Ein bekanntes Beispiel aus Österreich ist Shurjoka (aus Graz), die mit Just Chatting, Gaming und Talk-Formaten groß wurde. Mehr über Shurjoka.
Prime, Abos und Vorteile in AT
- Prime‑Abo in Österreich: 8,99 € pro Monat (oder 89 € pro Jahr); 18–22‑Jährige zahlen –50 % und testen sechs Monate gratis. Amazon‑Info.
- Prime‑Sub auf Twitch: Ein kostenloses Kanal‑Abo pro Monat für Partner‑/Affiliate‑Kanäle – einfach auf „Abonnieren“ klicken und die Krone wählen. So funktioniert’s Schritt für Schritt.
So startest du als Streamer:in in Österreich
- Fokus festlegen: Just Chatting, Gaming, Musik oder IRL? Ein klarer Schwerpunkt hilft beim Auffinden.

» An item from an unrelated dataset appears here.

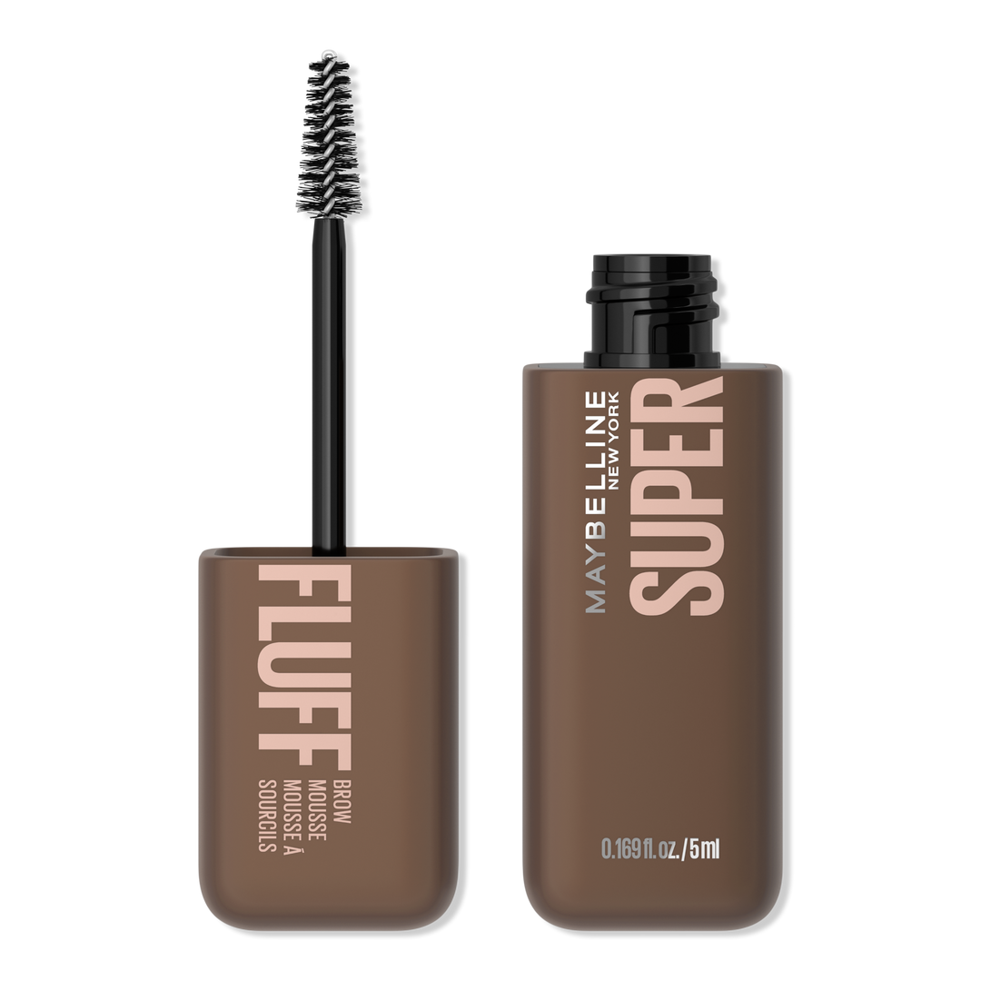 - Brows get fluffed with Maybelline's Superfluff Brow Mousse with a full look and soft feel that lasts all day!

- Kurz & regelmäßig: Starte mit 2–3 festen Terminen pro Woche. Verlässlichkeit schlägt Marathon‑Sessions.
- Mobile denken: Halte Overlays und Text groß genug – ideal für kommende vertikale Streams.
- Ton vor Bild: Ein solides Mikro bringt oft mehr als eine teure Kamera.

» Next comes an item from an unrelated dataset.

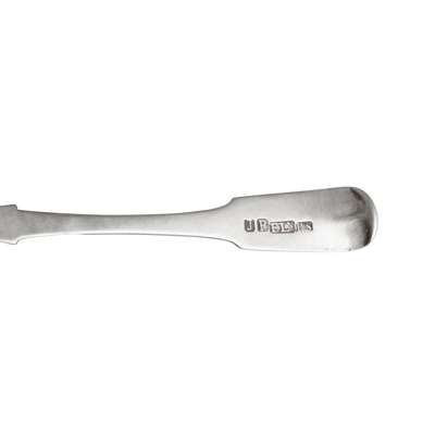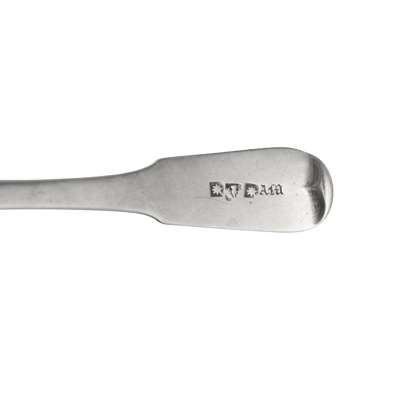 to include various makers and marks, a Fiddle pattern teaspoon, by Joseph Pearson of Dumfries and another, Adam Burgess; another, possibly of Cupar, marked GC***; a fish slice and toddy ladle, by Cameron of Dundee; a toddy ladle, William Ferguson of Elgin, a teaspoon by J. Pozzie and R. Stewart and two salt spoons by Charles Fowler; a Greenock dessert spoon, a collection of Paisley flatware including William Hannay and of Perth, including Robert Keay and a collection of unattributed

- Community zuerst: Sprich Namen aus, stelle Fragen, nutze Clips für Social Media.
- Rechte beachten: Musik nur mit Erlaubnis, Jugendschutz einhalten, keine fremden Inhalte ohne Klärung.
- Tools nützen: Teste Twitch‑Alerts, Shared Chat für Collabs und probiere das neue Rewind aus, wenn verfügbar.
Als ich neulich einen kleinen Stream aus Wien entdeckt habe, hat mich nicht die Grafik gefesselt, sondern das Gespräch im Chat. Genau das ist Twitch: Live, nah und echt. Wenn du diese Nähe pflegst, wächst dein Kanal – Schritt für Schritt.
FAQ: Kurz beantwortet
- Kann ich Streams zurückspulen? Ja, per Rewind – aktuell am Desktop für Turbo‑ oder Kanal‑Subs, mobile folgt. Infos.
- Sind meine Highlights sicher? Achte auf das 100‑Stunden‑Limit für Highlights/Uploads und sichere alte Videos extern. Details.
- Wie komme ich zu 70/30? Mit dem Plus Program und 300 Punkten – offiziell nachlesbar im Twitch‑Blog.
Fazit: Twitch entwickelt sich in Richtung Mobile‑First, bessere Qualität und smartere Zuschauer‑Features. Für Streamer:innen in Österreich sind die Chancen gut – mit klarer Positionierung, Community‑Fokus und einem Auge auf die aktuellen Plattform‑Updates.